I’d posit that it comes from a very simple explanation, that is - music has the power to make us feel good with no negative side effects.  I don’t need to understand the how of that or even the why, all I need to know is that it’s true, not just for me but apparently for you too.  

You founded musicto with a mission to be people powered, please elaborate.

Humans are great at creativity - they make unique, weird ass connections in a way that the algorithm can’t yet replicate.  As of August 2020 - I’m trusting a person over an algorithm with my time.

Speaking of people, you rely heavily on your community of curators to push out content. How did you set this in motion?

You have to have the idea first and then you have to work at it until it gets to a point where other people can believe in it.  The idea of “music to…” first came to me around 2006 but that was built around me as a musician marketing my own music.  It wasn't until 2016 that the penny dropped and the idea of having other people publishing on the same platform started to make sense.

I spent most of 2016 paying beta testers to make playlists for the site in order to determine procedures and protocols that once established, could be replicated by new curators coming on board.  I spent significant sums of money on the domain name, the logo and trademarking everything so that we looked legitimate.  I reached out to friends and family that I knew loved music and would probably enjoy making playlists and then I nurtured them.

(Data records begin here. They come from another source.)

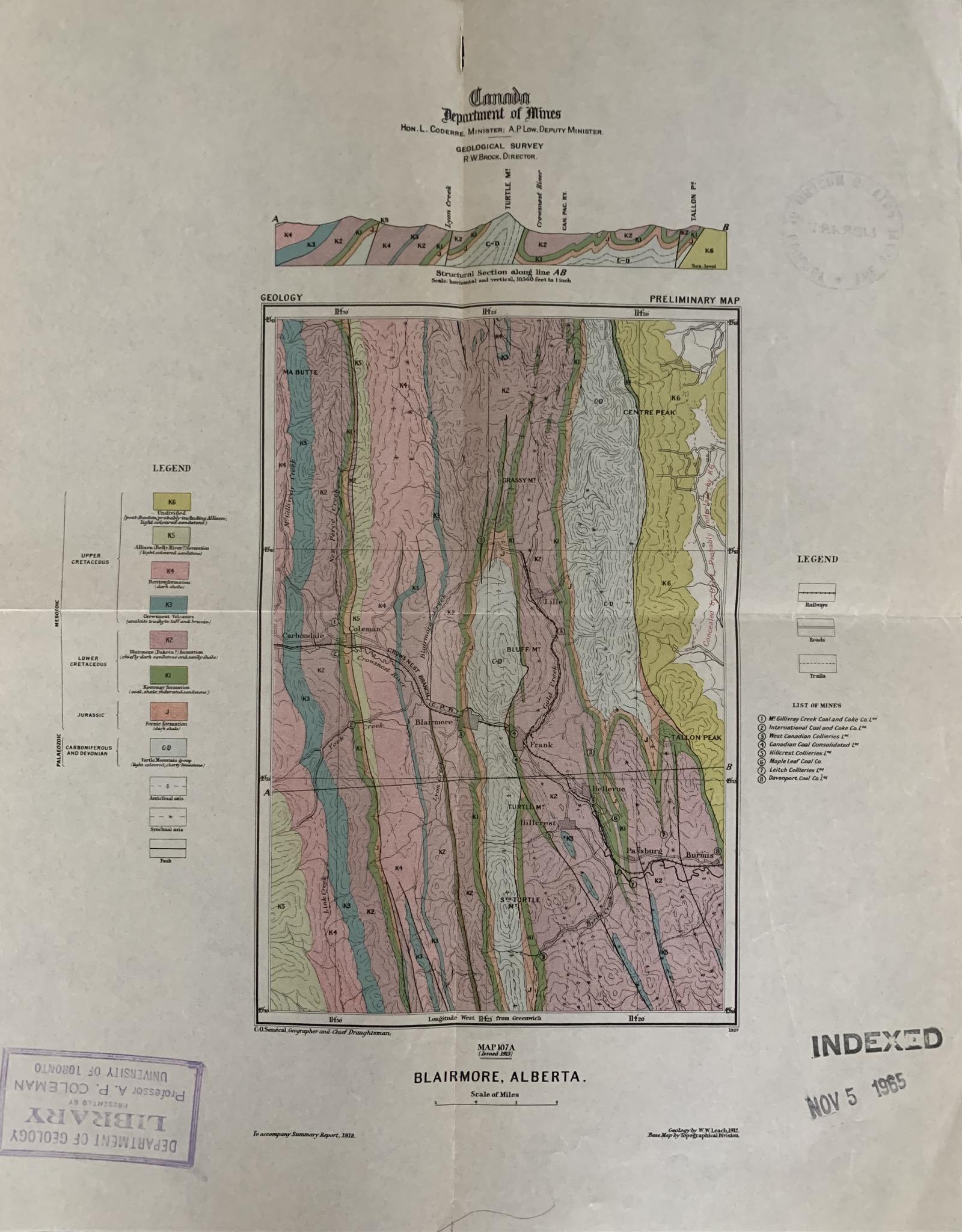 Geologic Survey of Blairmore, Alberta, Canada [Department of Mines; W.W.Leach, 1912].
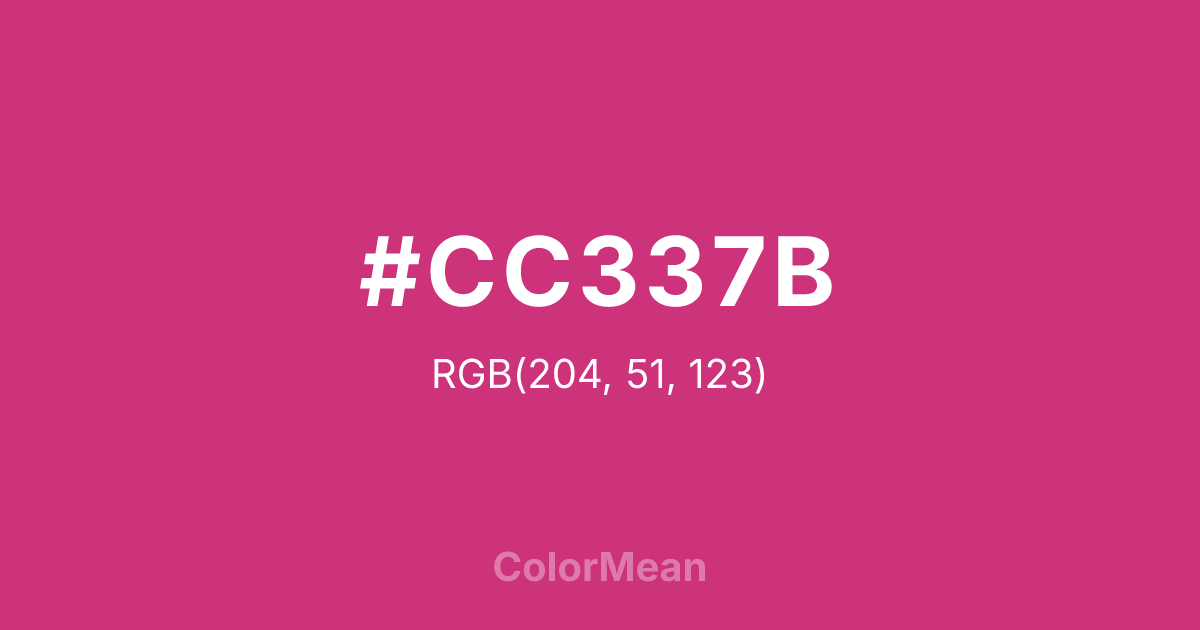 #CC337B RGB value is (204, 51, 123). The hex color red value is 204, green is 51, and blue is 123. Its HSL format shows a hue of 332°, saturation of 60 percent, and lightness of 50 percent. The CMYK process values are 0 percent, 75 percent, 40 percent, 20 percent.
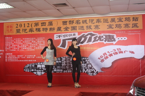 2012年9月23日下午15時(shí),2012(第四屆)西部名城汽車巡展寶雞站暨汽車模特新星全國(guó)選拔賽-寶雞賽區(qū)-復(fù)賽階段,在寶雞市體育場(chǎng)凌云車城內(nèi)閃亮登場(chǎng)。
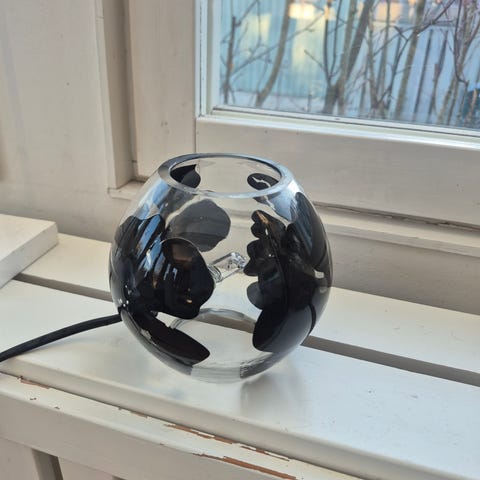 Detta är ett gediget hantverk som verkligen kommer till sin rätt när det belyses underifrån. Den medföljande ljussockeln (svart med strömbrytare) skapar ett magiskt sken och gör skulpturen till en perfekt stämningslampa eller ett blickfång i bokhyllan.
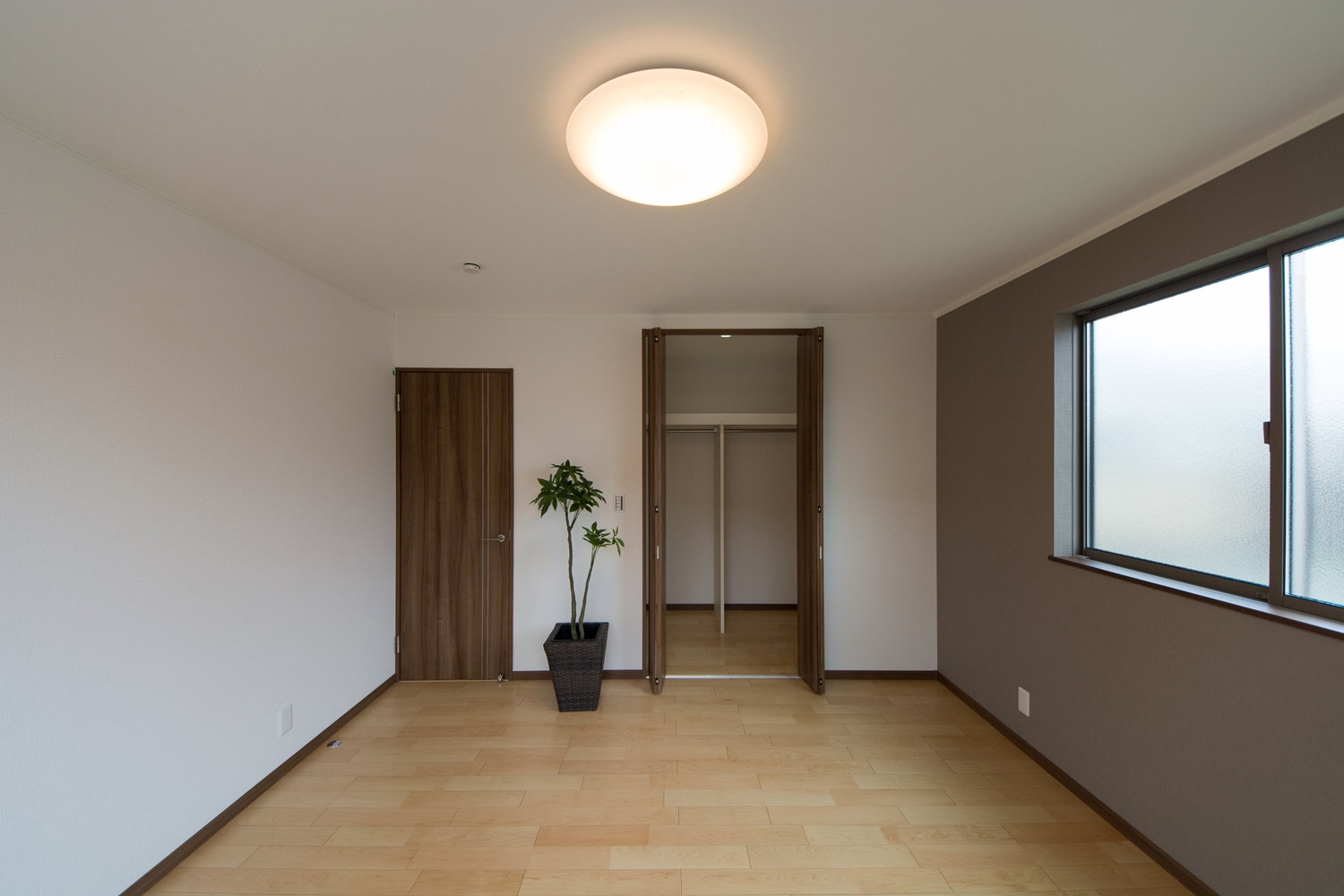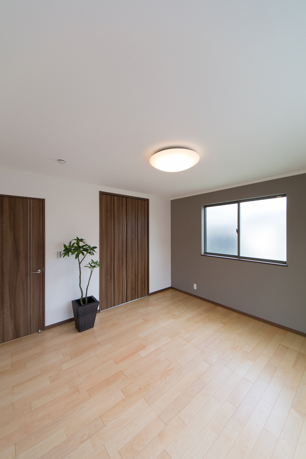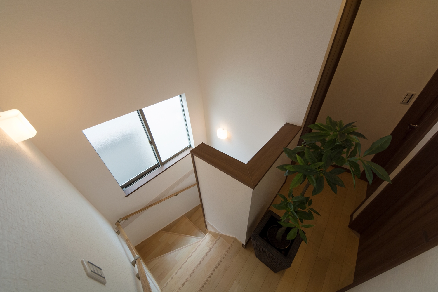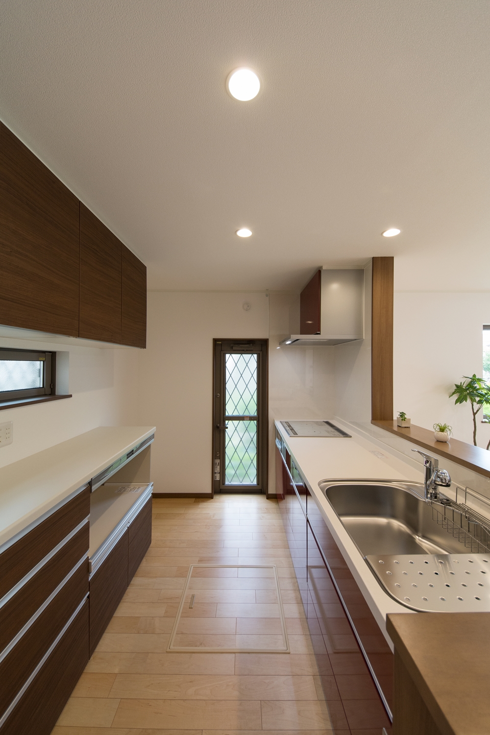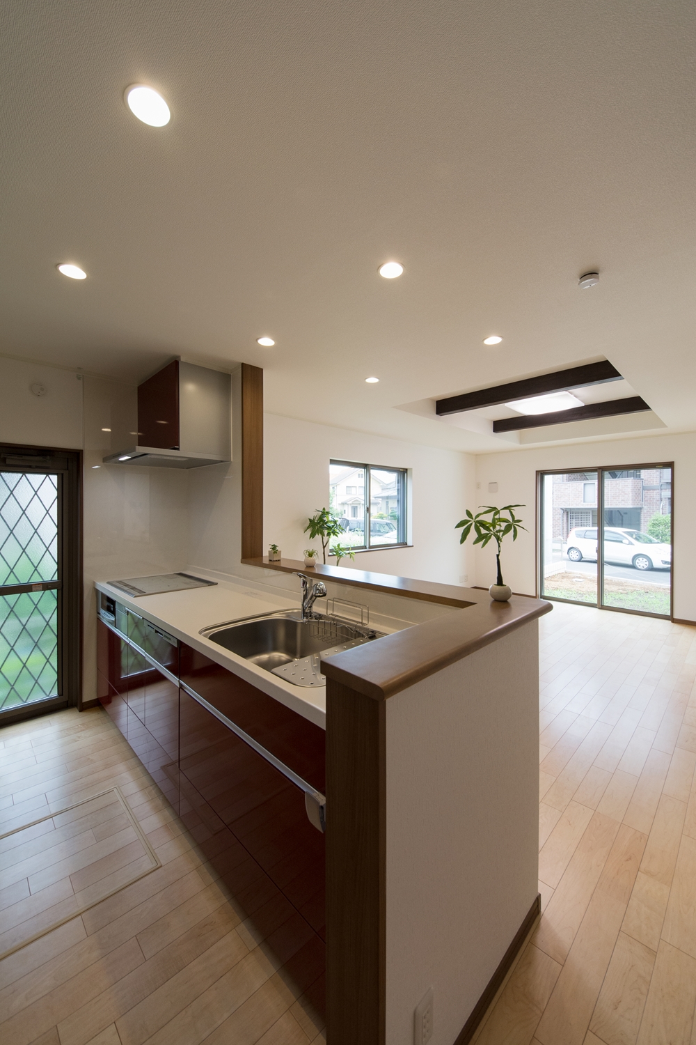ホワイトのサイディングをメインにブラウンのサイディングをアクセントとした落ち着きのあるナチュラル&モダンテイストな外観に仕上がりました。室内は化粧梁をうまく利用し、一部折り上げ天井にすることで、より開放感のあるリビング・ダイニングになりました。
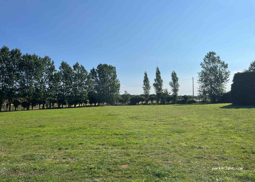 Very quiet, secure and well maintained. Very friendly and helpful owner. Choice of hard standing or grass if dry. Short walk to local bakery, bars and resto. Electricity and water available as advertised. A relaxing stop over - thank you Madame for sharing your land with campingcaristes!
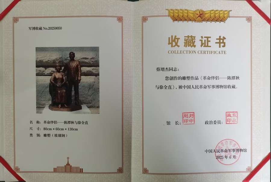 近日,公司蔡增杰副教授的雕塑作品《革命伴侣-陈潭秋与徐全直》被国家一级博物馆——中国人民革命军事博物馆收藏。
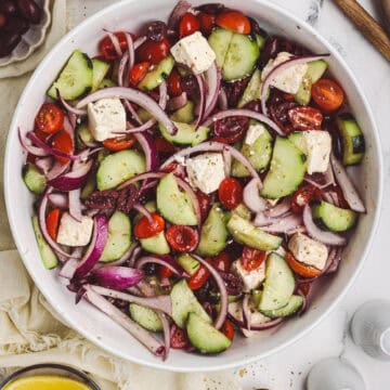 This classic Greek salad is fresh, simple, and full of flavor. Made with ripe tomatoes, crisp cucumbers, briny olives, and a slab of feta, it’s lightly dressed with an olive oil, red wine vinegar, lemon, and oregano dressing for an authentic Mediterranean dish that’s perfect as a side or light meal.
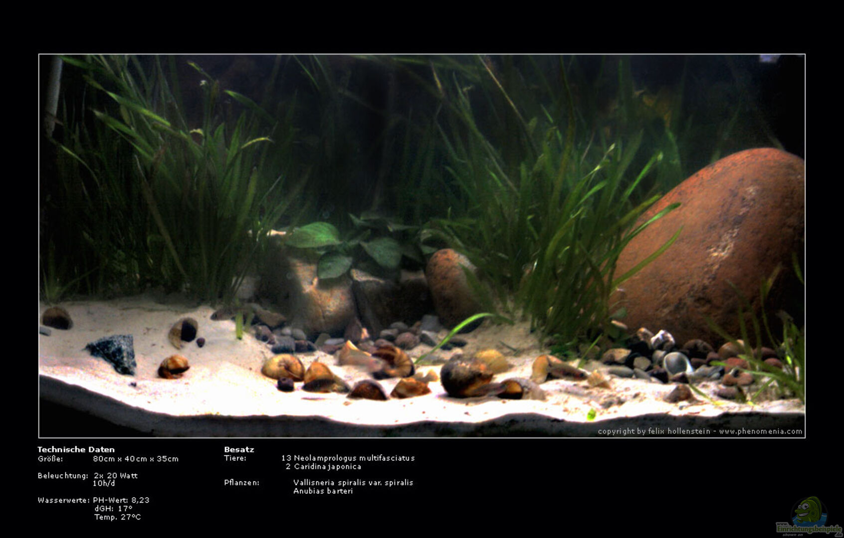 Man ist das gut man ! Gutes Beispiel, was man alles aus einem so ein kleinen Tanganjika AQ rausholen kann. Optimal für die Schneckenbubas ! Nur, es fehlen Fotos !
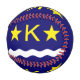 Baseball with design with flag of Kinshasa, capital city of Democratic Republic of Congo, blue flag with white wave, two golden stars and letter ‘K’ in the centre

Finally, I spent a week scripting and shooting a 1 minute video where I shared the vision for musicto and what it could mean for someone who loves music and would love to one day earn their living from it.  I used Facebook Ads to put the video in front of different audiences and we had our first “random” curator application in August 2017.

Nowadays we actively work to develop our community, we established our core values and our community identity, we have an active Facebook group, a Slack channel, we use email automations for on-boarding new curators, for learning how to share and use social media and we pair new curators with more experienced ones.  We generate a couple of new curator applications a day and currently have a backlog of over 100 applications to review.

The musicto logo.

Talk about the power of the musicto brand in terms of the logo and domain. 

The power of a brand is all in its perception.  If I don’t know you, I’m making immediate assumptions about your ability to deliver based on how you look on my phone: is your website fast and easy to understand, do you make it simple for me to find the information I’m looking for, do you look competent?

It’s that last bit that separates the people who get the call from the ones that don’t.  

As of August 2020, looking digitally competent is a minimum requirement.

Your website can’t look like your brother-in-law did it back in ‘03.  You can no longer say “I don’t do Instagram”, ‘cos your competition does.  If you’re not articulating in a super accessible and prominent way - why I should choose you - I won’t.

Between years of experience with your Simply Friday clients and now musicto, you’ve acquired a wealth of knowledge about many digital marketing platforms. What have you learned to be true?

That you can’t do it all - you just can’t. 

That each platform has its own groove - you might resonate with a few but you won’t resonate with all and that’s OK - better to pick just one platform and do it well than spread yourself across multiple ones and do them poorly.

That you can't pay someone to “do” your social media - if you’re going to play it has to be you - or at least the pure authentic representation of your brand.

You’ve done a deep dive into email automation, what’s hot there?

Email automation really is the killer app when you’re trying to educate someone with something complex, as well as being a huge time saver for you as the business owner.  And yes, it took months to write the sequences, shoot all the screencasts and videos and set up the optimal email flow, but it dramatically improved our retention rate and has saved me a huge amount of time.

Sure, most businesses aren’t building community but I’m betting that for most SMBs you could construct 3 to 5 emails that would deliver great value.  People are wary of handing out their email addresses, if someone has decided that they are interested enough in your business to give you their address, there’ll never be another time where they’re more curious as to who you are and why your product or service is great.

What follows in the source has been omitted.